HER KRİZ ARKASINDA BAŞKA FIRSATLARI DOĞURUR
İç piyasada canı sıkılan ve rekabet gücünden dolayı karlılığı düşen firmaları heyecanlandıran ve gözlerini yerinden fırlatacak başka bir gelişmede tabi ki kur farkından dolayı ihracat satışları oldu. Alt yapı çalışmalarını güçlendiren veya e-ihracat çalışmalarına yatırım yapan firmalar yavaş yavaş iç piyasayı gözleri görmez oldu. Eskiler ne demiş “her şerde var bi hayır”. Boşuna denmiş bir söz değil her kriz yerini başka bir fırsata bırakıveriyor. Dünya ucuz iş gücünün artık tek temsilcisi Türkiye diyebiliriz. İşin iktisat veya ekonometri boyutunda değilim tabi ki bu işin uzmanları gerektiği çalışmalarını yapıyor diye düşünüyorum. Şimdi savaş, enflasyon, kriz, durgunluk, daralma derken gözümüzü ihracatla açıyoruz ihracatla kapatıyoruz. Kur farkından ve dış piyasaya göre ucuz iş şartlarından dolayı üretip dışarıya satanlar e-ticaret tadını fazlasıyla almış durumda, tüm bu bilgiler ışığında e-ihracat yapan firmaların önündeki engellerin başında sadece kargo maliyetlerinin fazlalığı geliyor. Devletin bu konudan sorumlu organları ve özel sektör temsilcilerinin bu konuya yaklaşımları firmalar açısından oldukça pozitif bulundu. Resmi prosedürlerin birçoğu kolay bir şekilde halledilebilir konuma geldi.

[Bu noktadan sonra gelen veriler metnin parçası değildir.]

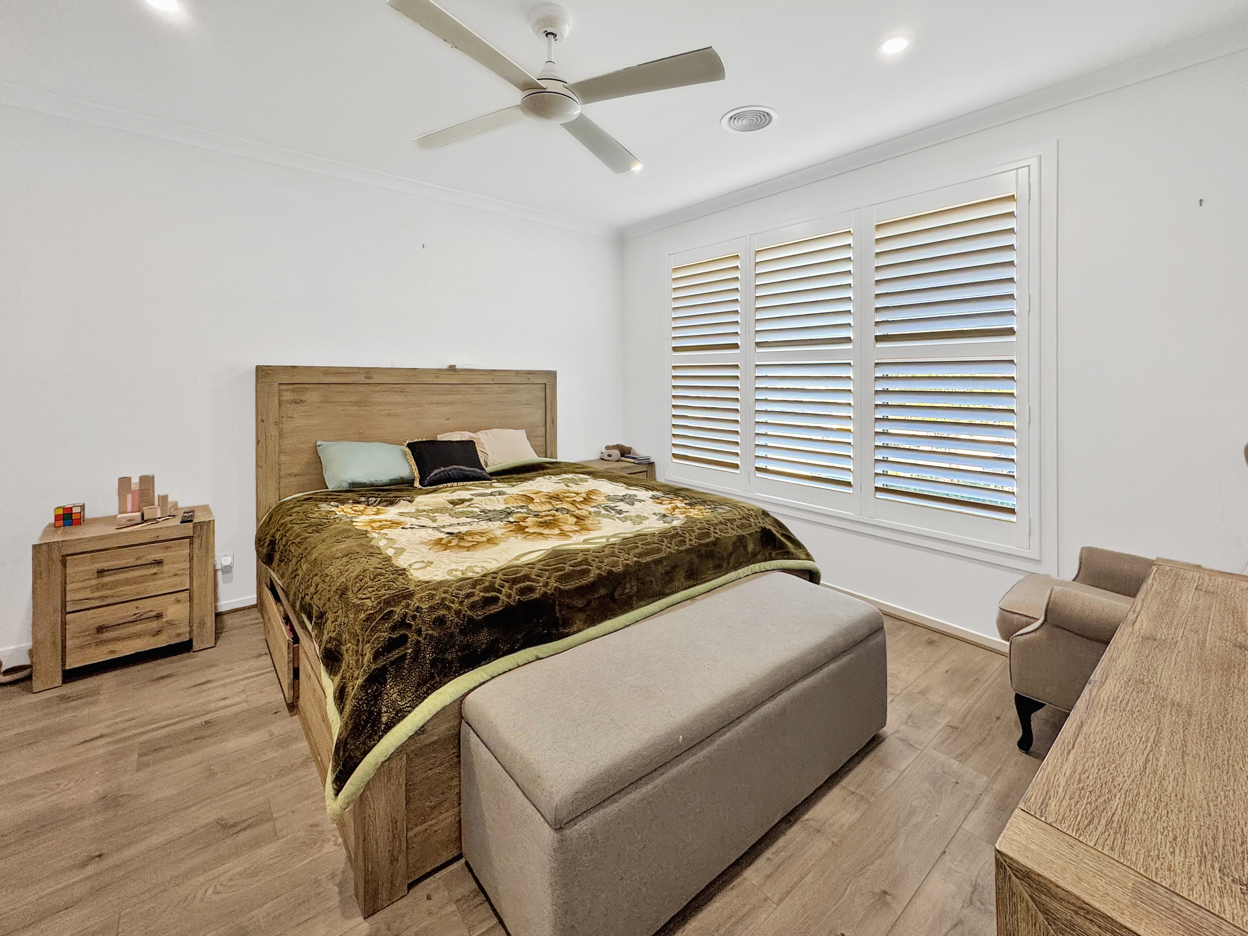 Master Bedroom – Spacious, timber laminate flooring, downlights, ceiling fan, ducted heating, evaporative cooling, walk in robes with hanging rails and shelving, double glazed window. Ensuite; feature tiles, 20mm stone benchtop, twin basin and vanity with storage, tile splashback, downlights, semi frameless shower, bath, chrome fittings, toilet, frosted window with shutters, shower niche,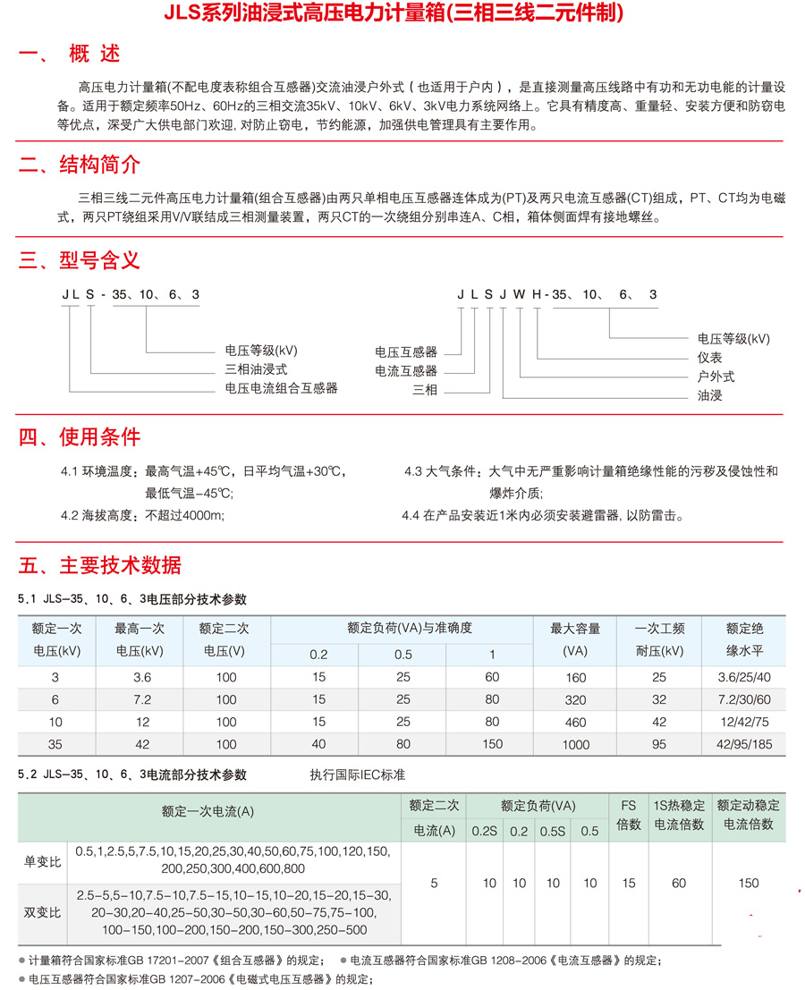 JLS系列油浸式高压电力计量箱(三相三线二元件制)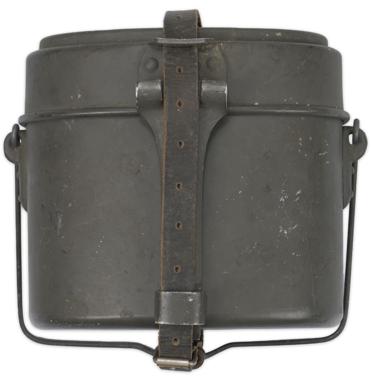 PHYSICAL DESCRIPTION: Standard issue, 1.7 liter capacity, field grey painted, kidney shaped, tooled, aluminum and steel construction mess kit. The kit has a removable top lid which serves double duty as a plate or frying pan. The removable top lid has a riveted on, hinged, fold back, steel handle with a raised lip to the bottom edge which secures the lid to the bottom of the mess kit body. Both the top and bottom edges of the hinged handle have raised, horizontal, strap retaining bars with central cut outs. Each side of the mess kit body has a small, riveted on, vertically oval, carrying handle mount with an extended, closed loop to secure the swivel, wire carrying/suspension handle. The wire carrying/suspension handle features a semi circular indentation to the top center allowing it to be suspended over a fire. Top is marked "RFI 39" and the bottom "RFI 39". Comes with a strap.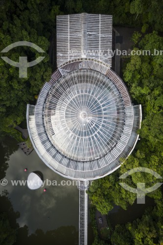 Picture taken with drone of the Opera de Arame - using pipes as structure and is perfectly integrated to the surrounding nature - Curitiba city - Parana state (PR) - Brazil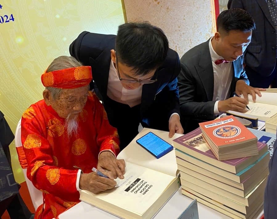 Nhà nghiên cứu Nguyễn Đình Tư và nhà văn Trương Quý ký tặng sách cho độc giả tại hội trường Lễ trao giải Sách Quốc gia lần thứ VII. - Ảnh: Ngân Huyền |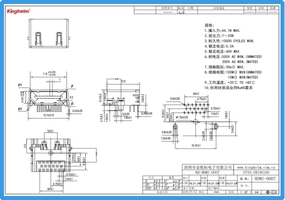 Kinghelm金航标KH-HDMI-0007规格书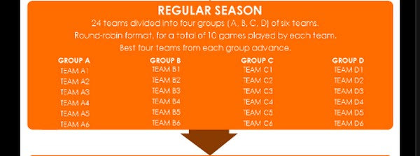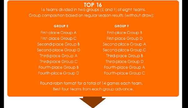 Για παράδειγμα στον 1ο όμιλο της Β’ φάσης (ΤOP-16) θα πηγαίνει ο πρώτος του Α’ ομίλου, ο 2ος του Β’ ομίλου, ο 3ος του Γ’ ομίλου και ο 4ος του Δ’ ομίλου. Ομοίως ο όμιλος θα συμπληρώνεται με τον 1ο του του Γ’ ομίλου, τον 2ο του Δ’, τον 3ο του Α’ και τον 4ο του Β’. Με τον ίδιο τρόπο θα συμπληρώνεται και ο 2ος όμιλος που θα συγκροτείται.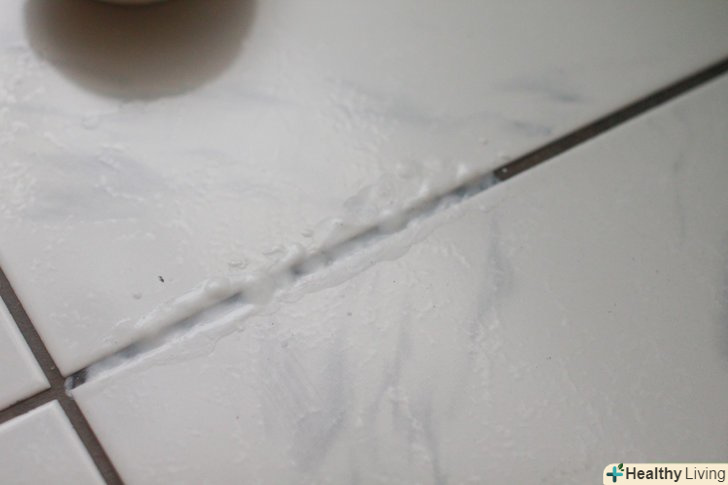 - Якщо між плиткою шов білого кольору, візьміть відбілювач і розведіть його у воді, співвідношенням 3:1. Не використовуйте відбілювач на кольорових швах, так як це може його знебарвити.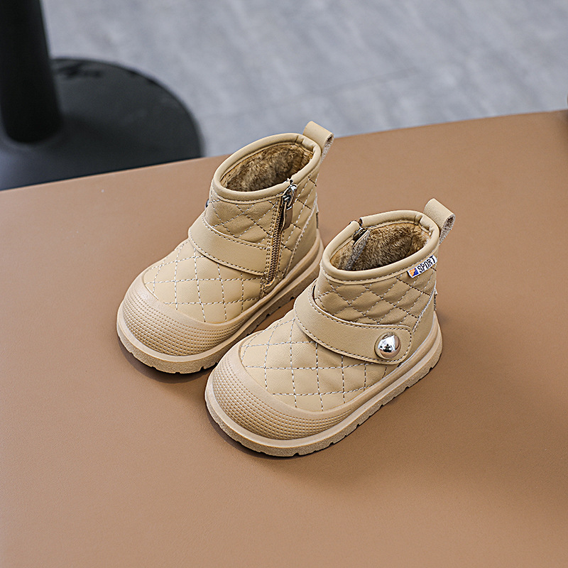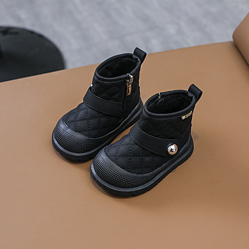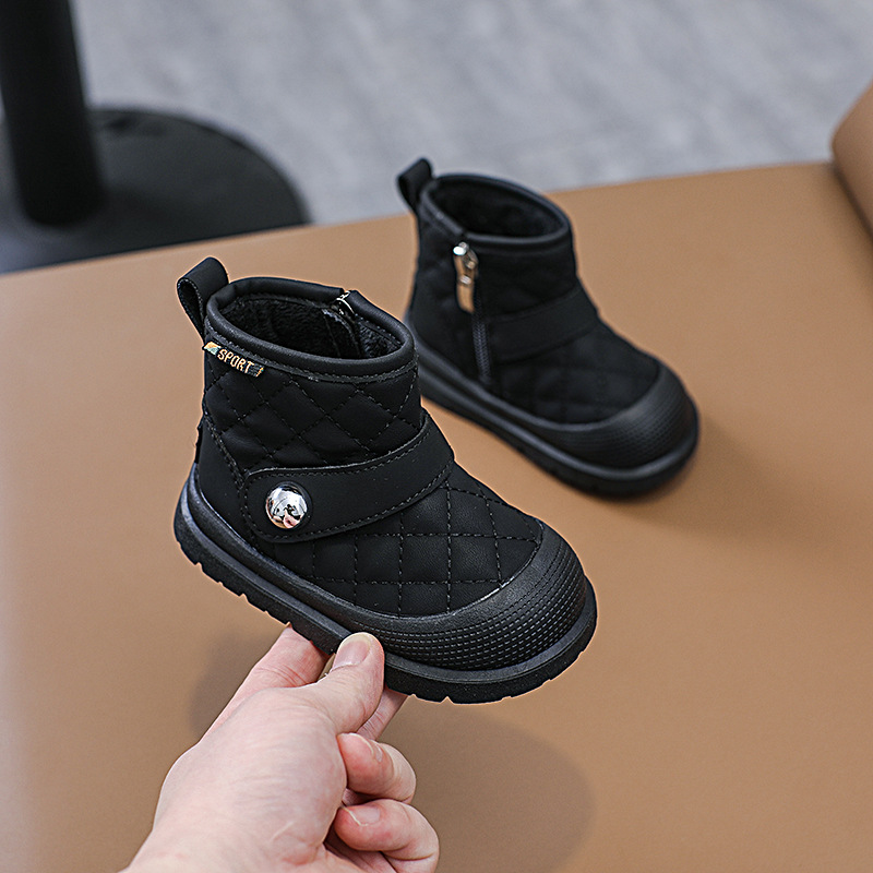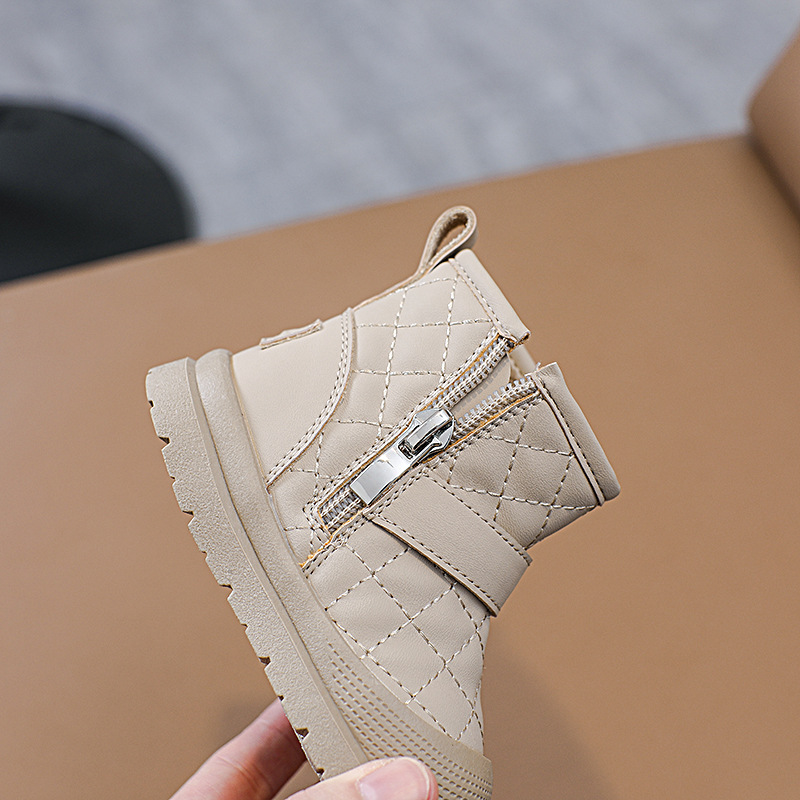 어린이 일본 시리즈 마름모꼴 발목 부츠 걸스 소프트 솔 킥 증명 코튼 슈즈 남성 포 벨벳 따뜻한 금속 사이드 지퍼 마틴 부츠

Bu kadar olumsuzlukların yaşandı bir sektörde her şeyi olumluya çevirmek ve bu konu hakkında e-ticaretin dengelerinin yerinden oymasını sağlamak e-ihracata yatırım yapmakla mümkün görünüyor. Dijital Tarifler olarak bu konudaki yaklaşımımız ve çalışmalarımızla firmalarımıza gereken tüm desteği sağlıyoruz.